File formats: The ability to read your data in the future depends on the file format, so you are strongly encouraged to use standard, exchangeable or open file formats. You can store data in a proprietary format where it is the de facto format within your disciplinary area, or where the format is supported across a range of software (so you are not locked into one type of software). The go-to guidance on file formats is the Library of Congress (LOC) Recommended Format Statement which is updated each year, as this is a constantly evolving topic.

 

When choosing an electronic file format to create and store data, it's important to consider whether the format is open and/or ubiquitous. The format you use determines how accessible these data are to other users, as some files can only be opened when you have a license to use that software. File format also determine how accessible the data will be to yourself and others into the future - technology evolves quickly, and the software that you use today will become obsolete in time.

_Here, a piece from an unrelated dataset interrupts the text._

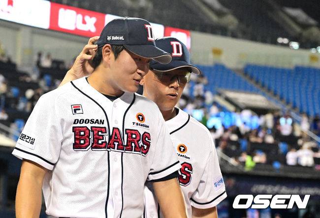 경기를 마치고 두산 김택연이 박정배 코치와 이야기를 나누고 있다. 2024.07.23 / jpnews@osen.co.kr
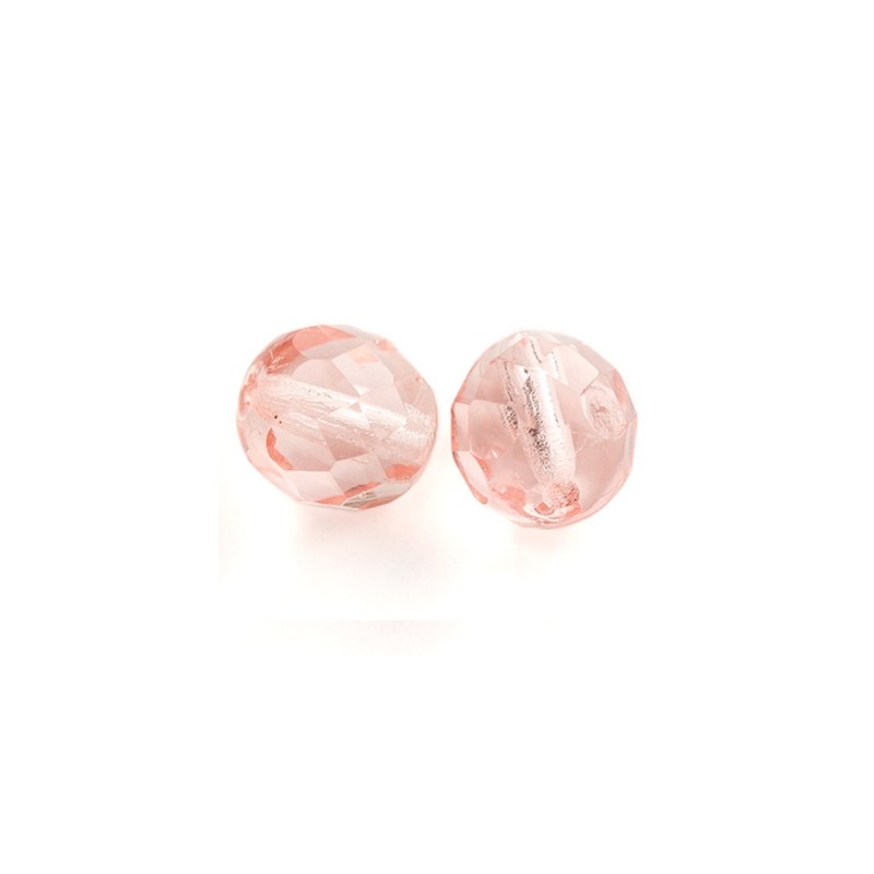 Bolas facetadas de cristal checo de 14 mm en color rose. Las bolitas no son redondas completamente sino que son un poco ovaladas.

Why use open file formats? File formats that are open or non-proprietary will tend to remain accessible, even if the software that created them is no longer available. However, formats which are ubiquitous or have become the default standard within a discipline, whether proprietary or not, are also likely to be maintained into the future.

What if you have a preferred software? If you find it necessary or convenient to work with a proprietary format, it may be useful to store your data using that format for data collection and analysis, while also storing a copy in an open or accessible format for sharing or archiving once your project is complete.

Which format is best for FAIR data? Many data archives and repositories will already have recommended file formats based on best practice within the disciplines they support. 

When choosing a file format you should consider the following:

  • How you plan to analyse your data
  • Which software and file formats you and your colleagues have used in the past
  • Any discipline specific norms or technical standards
  • Whether file formats are at risk of obsolescence because of their dependence on a particular technology.
  • Which formats are best to use for the long-term preservation of data
  • Whether important information might be lost by converting between different formats


File formats likely to be accessible into the future (from DMPTool Guidance):

  • Non-proprietary
  • Open, with documented standards
  • In common usage by the research community
  • Using standard character encodings (i.e., ASCII, UTF-8)
  • Uncompressed (space permitting)

Examples of preferred format choices (from DMPTool Guidance):

  • Image: JPEG, JPG-2000, PNG, TIFF
  • Text: plain text (TXT), HTML, XML, PDF/A
  • Audio: AIFF, WAVE
  • Containers: TAR, GZIP, ZIP
  • Databases: prefer XML or CSV to native binary formats

For more information on recommended formats, see the UK Data Service guidance on recommended formats.

4. How will a unique and persistent identifier be attached to the data?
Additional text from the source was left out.